The lesson for software development should be obvious: clever tricks can save a lot of time in the short term. But unless you remember how they work, they'll probably cost you — or someone else on your team — more in the future.

Thursday, April 15, 2010

intern() and equals()

A lot of programmers have the belief that String.intern() can be used to speed up if-else chains. So instead of writing this:

public void dispatch(String command)
{
    if (command.equals("open"))
        doOpenAction();
    else if (command.equals("close"))
        doCloseAction();
    else if (command.equals("calculate"))
        doCalculateAction();
    // and so on
}

they write this:

public void dispatch(String command)
{
    command = command.intern();
    if (command == "open")
        doOpenAction();
    else if (command == "close")
        doCloseAction();
    else if (command == "calculate")
        doCalculateAction();
    // and so on
}

Their logic seems to be that it's faster to compare integers than to compare strings. And while the only way to know for sure is a benchmark, I'm willing to bet that the intern() approach is actually slower (except, of course, for carefully constructed examples). The reason being that string comparisons are quite fast, while intern() has to do a lot of work behind the scenes.

Let's start with a string comparison, since it's available in the src.zip file that comes with the JDK (in this case, JDK 1.6):

    public boolean equals(Object anObject) {
    if (this == anObject) {
        return true;
    }
    if (anObject instanceof String) {
        String anotherString = (String)anObject;
        int n = count;
        if (n == anotherString.count) {
            char v1[] = value;
            char v2[] = anotherString.value;
            int i = offset;
            int j = anotherString.offset;
            while (n-- != 0) {
                if (v1[i++] != v2[j++])
                return false;
            }
            return true;
        }
    }
    return false;
    }

Like all good equals() implementations, this method tests identity equality first. Which means that, intern() or not, there's no reason to get into the bad habit of using == to compare strings (because sooner or later you'll do that with a string that isn't interned, and have a bug to track down).

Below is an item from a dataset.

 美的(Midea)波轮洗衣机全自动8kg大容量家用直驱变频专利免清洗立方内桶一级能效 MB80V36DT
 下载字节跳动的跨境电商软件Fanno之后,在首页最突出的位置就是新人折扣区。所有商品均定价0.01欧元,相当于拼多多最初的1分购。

The next comparison is length: if two strings have different length, they can't be equal. And finally, iteration through the actual characters of the string. Most calls should return from the length check, and in almost all real-world cases the strings will differ in the first few characters. This isn't going to take much time, particularly if the JVM decides to inline the code.

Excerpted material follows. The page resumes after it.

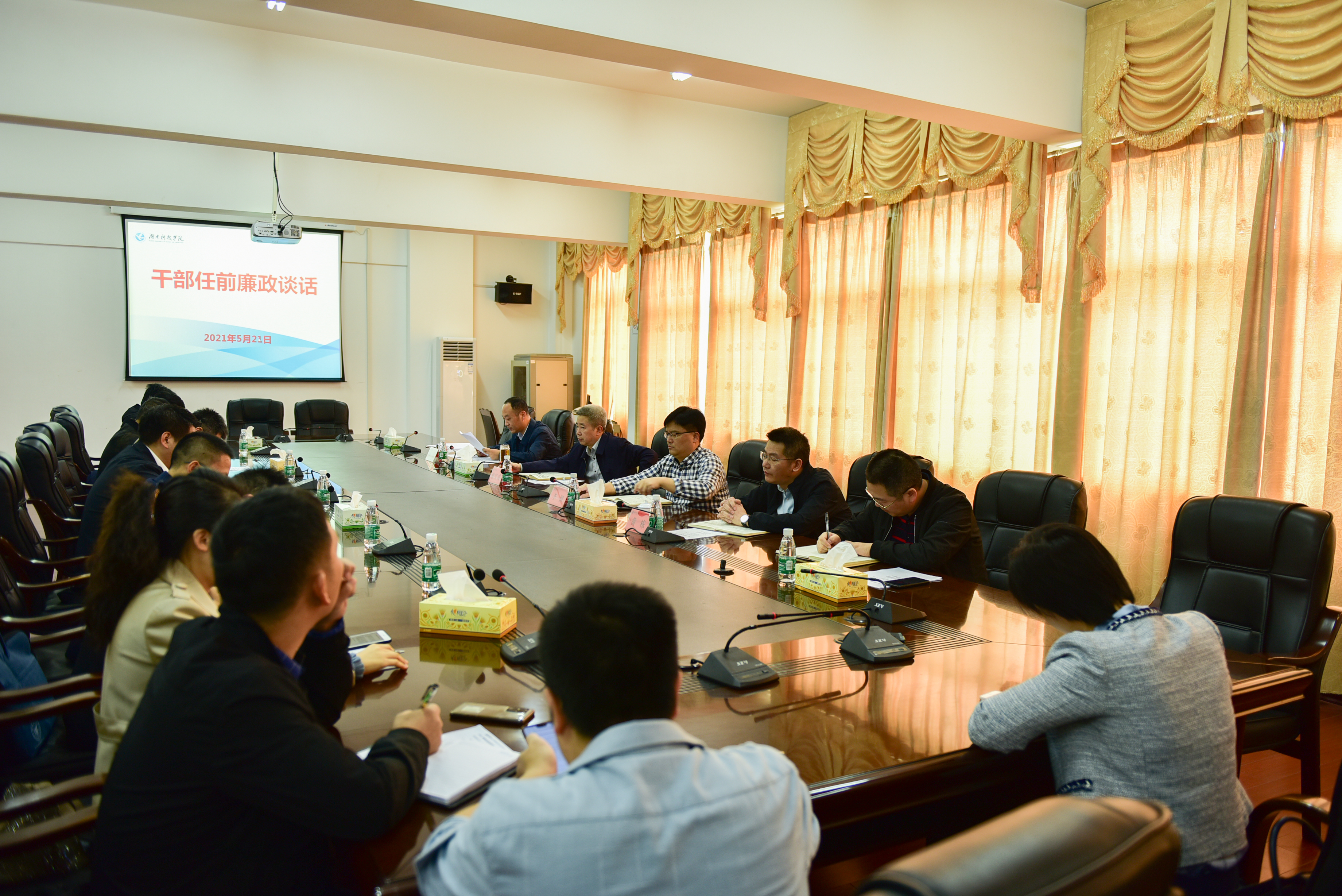 5月21日上午,学校开展新任处级干部任前廉政谈话。纪委副书记、纪检监察处处长黄栋同志代表校纪委对何丽萍、全伟等12名新提任或进一步使用的处级干部进行了任前廉政谈话。他围绕讲政治、敢担当、作表率、守纪律等方面,提出了四个方面的具体要求:一是要进一步提高觉悟,增强敏锐性,夯实政治责任;二是要进一步优化作风,增强执行力,提高管理质效;三是要进一步勇于担当,增强主动性,发挥先锋作用;四是要进一步遵规守纪,增强底线思维,恪守廉洁自律。新任处级干部逐一表态发言,纷纷表示在今后一定谨记本次廉政谈话的精神和要求,加强学习、真抓实干、严格要求,在新的岗位上做出新的贡献,展现新的作为。

How about intern()? The source code for the JDK is available, and if you trace through method calls, you end up at symbolTable.cpp, which defines the StringTable class. Which is, unsurprisingly, a hash table.

All hash lookups work the same way: first you compute a hashcode, then you use that hashcode to probe a table to find a list of values, then you compare the actual value against every value in that list. In the example above, computing the hashcode for any of the expected strings will take as many memory accesses as all of the comparisons in the if-else chain.

So if intern() doesn't speed up comparisons, what is it good for? The answer is that it conserves memory.

A lot of programs read strings from files and then hold those strings in memory. For example, an XML parser builds up a DOM tree in which each Element instance holds its name, namespace, and perhaps a map of attributes. There's usually a lot of duplication in this data: think of the number of times that <div> and href appear in a typical XHTML file. And since you've read these names from a file, they come into your program as separate String instances; nothing is shared. By passing them through intern(), you're able to eliminate the duplication and hold one canonical instance.

The one drawback to String.intern() is that it stores data in the permgen (at least for the Sun JVM), which is often a scarce resource (particularly in app-servers). To get the benefits of canonicalization without risking an OutOfMemoryError, you can create your own canonicalizing map.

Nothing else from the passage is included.